> **Action item**
Could you print every line from the first one of the records below through the line containing "316L Çelik Zincir", with both included and nothing else?

╭─ Entries supplied

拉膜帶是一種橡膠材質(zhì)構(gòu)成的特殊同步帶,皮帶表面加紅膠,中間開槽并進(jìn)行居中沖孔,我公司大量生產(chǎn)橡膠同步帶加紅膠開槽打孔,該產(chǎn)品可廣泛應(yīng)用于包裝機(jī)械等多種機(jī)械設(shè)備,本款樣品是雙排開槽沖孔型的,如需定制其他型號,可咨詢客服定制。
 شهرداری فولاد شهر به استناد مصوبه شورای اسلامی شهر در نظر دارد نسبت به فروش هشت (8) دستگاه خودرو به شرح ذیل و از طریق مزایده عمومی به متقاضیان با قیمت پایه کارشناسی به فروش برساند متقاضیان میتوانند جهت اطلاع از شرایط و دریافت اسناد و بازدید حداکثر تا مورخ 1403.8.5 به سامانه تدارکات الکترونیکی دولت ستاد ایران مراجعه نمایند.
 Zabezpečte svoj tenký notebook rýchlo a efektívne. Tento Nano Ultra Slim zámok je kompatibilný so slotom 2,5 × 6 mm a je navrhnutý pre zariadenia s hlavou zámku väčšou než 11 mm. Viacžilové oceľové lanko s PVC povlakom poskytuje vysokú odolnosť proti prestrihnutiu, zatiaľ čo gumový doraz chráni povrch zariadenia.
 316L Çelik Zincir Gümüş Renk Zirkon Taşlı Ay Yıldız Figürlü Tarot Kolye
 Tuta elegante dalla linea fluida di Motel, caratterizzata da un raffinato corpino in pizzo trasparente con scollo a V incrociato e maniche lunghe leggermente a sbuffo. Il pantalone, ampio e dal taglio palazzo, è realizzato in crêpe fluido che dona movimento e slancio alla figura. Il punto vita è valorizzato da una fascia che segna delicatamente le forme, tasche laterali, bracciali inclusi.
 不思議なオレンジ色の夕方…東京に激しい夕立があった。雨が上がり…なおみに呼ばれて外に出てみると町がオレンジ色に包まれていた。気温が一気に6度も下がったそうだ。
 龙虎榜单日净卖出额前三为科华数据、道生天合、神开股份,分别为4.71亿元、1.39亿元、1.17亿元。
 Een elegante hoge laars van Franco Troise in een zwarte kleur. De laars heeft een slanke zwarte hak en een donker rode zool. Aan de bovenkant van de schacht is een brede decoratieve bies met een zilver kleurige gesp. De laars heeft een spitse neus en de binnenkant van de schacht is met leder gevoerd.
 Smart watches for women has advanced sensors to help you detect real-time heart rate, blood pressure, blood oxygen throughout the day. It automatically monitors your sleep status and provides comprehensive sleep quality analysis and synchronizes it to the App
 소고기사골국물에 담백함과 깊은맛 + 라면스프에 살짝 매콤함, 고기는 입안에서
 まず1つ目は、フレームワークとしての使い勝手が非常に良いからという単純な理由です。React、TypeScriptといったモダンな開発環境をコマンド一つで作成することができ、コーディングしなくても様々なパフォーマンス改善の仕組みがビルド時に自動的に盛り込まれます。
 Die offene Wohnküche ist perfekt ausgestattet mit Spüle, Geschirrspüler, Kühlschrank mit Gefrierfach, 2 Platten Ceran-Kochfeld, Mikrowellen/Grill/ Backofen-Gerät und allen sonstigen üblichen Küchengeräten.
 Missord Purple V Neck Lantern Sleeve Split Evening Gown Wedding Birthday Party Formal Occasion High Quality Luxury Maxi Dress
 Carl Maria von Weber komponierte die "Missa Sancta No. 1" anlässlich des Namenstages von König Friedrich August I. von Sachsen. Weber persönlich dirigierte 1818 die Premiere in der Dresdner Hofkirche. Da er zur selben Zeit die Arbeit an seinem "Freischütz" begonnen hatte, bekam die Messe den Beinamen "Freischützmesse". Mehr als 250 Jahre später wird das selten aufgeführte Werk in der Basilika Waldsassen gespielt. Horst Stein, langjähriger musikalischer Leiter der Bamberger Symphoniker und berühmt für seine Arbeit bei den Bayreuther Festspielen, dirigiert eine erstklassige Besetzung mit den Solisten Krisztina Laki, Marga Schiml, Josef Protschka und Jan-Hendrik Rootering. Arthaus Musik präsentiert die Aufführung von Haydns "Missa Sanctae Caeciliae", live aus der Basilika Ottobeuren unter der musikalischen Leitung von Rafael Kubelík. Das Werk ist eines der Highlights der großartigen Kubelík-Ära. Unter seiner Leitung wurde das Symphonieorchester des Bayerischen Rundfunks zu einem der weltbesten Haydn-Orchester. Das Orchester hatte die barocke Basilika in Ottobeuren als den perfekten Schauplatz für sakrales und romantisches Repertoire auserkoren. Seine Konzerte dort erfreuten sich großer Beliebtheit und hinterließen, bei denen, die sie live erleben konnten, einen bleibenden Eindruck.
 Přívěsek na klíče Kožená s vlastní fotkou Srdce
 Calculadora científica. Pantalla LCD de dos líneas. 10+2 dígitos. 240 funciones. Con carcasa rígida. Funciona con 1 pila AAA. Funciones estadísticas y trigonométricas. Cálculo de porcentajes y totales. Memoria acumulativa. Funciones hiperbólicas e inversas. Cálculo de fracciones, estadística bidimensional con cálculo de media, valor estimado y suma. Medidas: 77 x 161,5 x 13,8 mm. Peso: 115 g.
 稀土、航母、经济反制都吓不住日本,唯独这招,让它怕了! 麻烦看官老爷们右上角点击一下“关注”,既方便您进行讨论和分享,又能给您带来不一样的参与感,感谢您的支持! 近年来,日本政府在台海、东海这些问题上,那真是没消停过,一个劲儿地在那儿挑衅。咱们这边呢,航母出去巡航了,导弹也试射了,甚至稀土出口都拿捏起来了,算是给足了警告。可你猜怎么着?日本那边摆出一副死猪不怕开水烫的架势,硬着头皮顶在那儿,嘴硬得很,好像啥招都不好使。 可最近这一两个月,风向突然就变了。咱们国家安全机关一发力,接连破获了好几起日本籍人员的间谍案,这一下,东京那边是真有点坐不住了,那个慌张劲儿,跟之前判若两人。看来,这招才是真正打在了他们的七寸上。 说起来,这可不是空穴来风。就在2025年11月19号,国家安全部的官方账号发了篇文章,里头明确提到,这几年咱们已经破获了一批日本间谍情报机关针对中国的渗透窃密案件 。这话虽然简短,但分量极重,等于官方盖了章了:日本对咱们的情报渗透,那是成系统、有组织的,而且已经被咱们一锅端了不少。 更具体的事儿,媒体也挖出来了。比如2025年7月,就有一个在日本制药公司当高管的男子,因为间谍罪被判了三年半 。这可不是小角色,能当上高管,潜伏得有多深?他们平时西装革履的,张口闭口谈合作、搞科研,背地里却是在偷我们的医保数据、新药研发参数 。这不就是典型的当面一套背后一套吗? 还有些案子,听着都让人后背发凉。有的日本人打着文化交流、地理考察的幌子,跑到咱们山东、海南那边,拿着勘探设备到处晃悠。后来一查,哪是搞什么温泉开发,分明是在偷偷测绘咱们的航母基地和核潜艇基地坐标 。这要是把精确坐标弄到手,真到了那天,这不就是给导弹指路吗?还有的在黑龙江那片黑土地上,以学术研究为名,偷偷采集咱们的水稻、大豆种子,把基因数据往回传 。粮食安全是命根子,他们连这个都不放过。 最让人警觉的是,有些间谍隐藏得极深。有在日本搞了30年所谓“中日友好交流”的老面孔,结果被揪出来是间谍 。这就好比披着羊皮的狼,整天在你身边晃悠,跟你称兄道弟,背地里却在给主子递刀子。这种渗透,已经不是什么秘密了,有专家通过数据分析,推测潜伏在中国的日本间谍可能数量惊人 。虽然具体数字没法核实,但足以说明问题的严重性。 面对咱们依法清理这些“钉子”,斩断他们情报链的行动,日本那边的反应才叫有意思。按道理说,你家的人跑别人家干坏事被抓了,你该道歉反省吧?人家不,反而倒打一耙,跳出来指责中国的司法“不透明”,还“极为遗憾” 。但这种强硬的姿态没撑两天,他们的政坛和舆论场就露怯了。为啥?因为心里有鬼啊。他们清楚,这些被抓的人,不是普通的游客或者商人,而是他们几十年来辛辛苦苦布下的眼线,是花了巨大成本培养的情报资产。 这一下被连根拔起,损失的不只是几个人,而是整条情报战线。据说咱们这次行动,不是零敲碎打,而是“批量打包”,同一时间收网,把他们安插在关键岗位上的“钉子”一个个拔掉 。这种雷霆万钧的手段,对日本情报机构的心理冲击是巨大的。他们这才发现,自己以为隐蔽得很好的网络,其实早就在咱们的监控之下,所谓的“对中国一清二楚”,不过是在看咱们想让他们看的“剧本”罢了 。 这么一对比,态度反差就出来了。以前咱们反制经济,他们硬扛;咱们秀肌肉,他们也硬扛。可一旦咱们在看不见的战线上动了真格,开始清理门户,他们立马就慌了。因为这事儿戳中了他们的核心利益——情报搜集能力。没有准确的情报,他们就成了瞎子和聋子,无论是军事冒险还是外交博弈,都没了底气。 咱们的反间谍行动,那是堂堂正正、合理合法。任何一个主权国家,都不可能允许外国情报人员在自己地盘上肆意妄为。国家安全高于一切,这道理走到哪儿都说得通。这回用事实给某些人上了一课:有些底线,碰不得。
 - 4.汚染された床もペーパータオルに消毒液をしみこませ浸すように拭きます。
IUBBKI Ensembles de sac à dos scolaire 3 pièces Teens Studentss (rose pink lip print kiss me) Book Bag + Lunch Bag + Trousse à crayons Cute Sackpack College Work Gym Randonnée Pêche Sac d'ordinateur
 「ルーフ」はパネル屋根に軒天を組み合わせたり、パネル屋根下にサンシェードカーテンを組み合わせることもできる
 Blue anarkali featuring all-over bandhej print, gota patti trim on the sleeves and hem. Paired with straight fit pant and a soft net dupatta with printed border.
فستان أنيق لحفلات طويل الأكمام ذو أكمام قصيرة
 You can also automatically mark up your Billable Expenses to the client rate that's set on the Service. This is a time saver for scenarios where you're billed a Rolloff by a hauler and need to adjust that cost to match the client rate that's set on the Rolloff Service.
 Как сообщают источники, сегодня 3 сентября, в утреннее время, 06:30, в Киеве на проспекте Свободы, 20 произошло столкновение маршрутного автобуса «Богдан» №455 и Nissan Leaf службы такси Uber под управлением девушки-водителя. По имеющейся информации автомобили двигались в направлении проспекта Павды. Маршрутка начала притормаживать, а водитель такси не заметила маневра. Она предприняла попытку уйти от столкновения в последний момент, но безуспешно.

╰─

> **Solution to the exercise**
拉膜帶是一種橡膠材質(zhì)構(gòu)成的特殊同步帶,皮帶表面加紅膠,中間開槽并進(jìn)行居中沖孔,我公司大量生產(chǎn)橡膠同步帶加紅膠開槽打孔,該產(chǎn)品可廣泛應(yīng)用于包裝機(jī)械等多種機(jī)械設(shè)備,本款樣品是雙排開槽沖孔型的,如需定制其他型號,可咨詢客服定制。
 شهرداری فولاد شهر به استناد مصوبه شورای اسلامی شهر در نظر دارد نسبت به فروش هشت (8) دستگاه خودرو به شرح ذیل و از طریق مزایده عمومی به متقاضیان با قیمت پایه کارشناسی به فروش برساند متقاضیان میتوانند جهت اطلاع از شرایط و دریافت اسناد و بازدید حداکثر تا مورخ 1403.8.5 به سامانه تدارکات الکترونیکی دولت ستاد ایران مراجعه نمایند.
 Zabezpečte svoj tenký notebook rýchlo a efektívne. Tento Nano Ultra Slim zámok je kompatibilný so slotom 2,5 × 6 mm a je navrhnutý pre zariadenia s hlavou zámku väčšou než 11 mm. Viacžilové oceľové lanko s PVC povlakom poskytuje vysokú odolnosť proti prestrihnutiu, zatiaľ čo gumový doraz chráni povrch zariadenia.
 316L Çelik Zincir Gümüş Renk Zirkon Taşlı Ay Yıldız Figürlü Tarot Kolye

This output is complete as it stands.